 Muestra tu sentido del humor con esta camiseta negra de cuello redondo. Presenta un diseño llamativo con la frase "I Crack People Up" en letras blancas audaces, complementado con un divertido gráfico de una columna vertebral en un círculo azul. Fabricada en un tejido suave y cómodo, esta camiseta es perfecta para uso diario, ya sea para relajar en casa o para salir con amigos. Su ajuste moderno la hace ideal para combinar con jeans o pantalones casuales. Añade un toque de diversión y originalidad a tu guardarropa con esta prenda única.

________________

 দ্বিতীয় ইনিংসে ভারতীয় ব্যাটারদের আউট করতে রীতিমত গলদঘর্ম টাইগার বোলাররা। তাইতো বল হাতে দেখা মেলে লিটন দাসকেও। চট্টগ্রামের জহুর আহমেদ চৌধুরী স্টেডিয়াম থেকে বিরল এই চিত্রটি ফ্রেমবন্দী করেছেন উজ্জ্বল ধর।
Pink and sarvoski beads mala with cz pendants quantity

________________

Restate word for word the lines of the data above, starting at the line containing "দ্বিতীয় ইনিংসে ভারতীয়" and ending at the line containing "Pink and sarvoski", both included, and nothing more.

> [Answer box]:
 দ্বিতীয় ইনিংসে ভারতীয় ব্যাটারদের আউট করতে রীতিমত গলদঘর্ম টাইগার বোলাররা। তাইতো বল হাতে দেখা মেলে লিটন দাসকেও। চট্টগ্রামের জহুর আহমেদ চৌধুরী স্টেডিয়াম থেকে বিরল এই চিত্রটি ফ্রেমবন্দী করেছেন উজ্জ্বল ধর।
Pink and sarvoski beads mala with cz pendants quantity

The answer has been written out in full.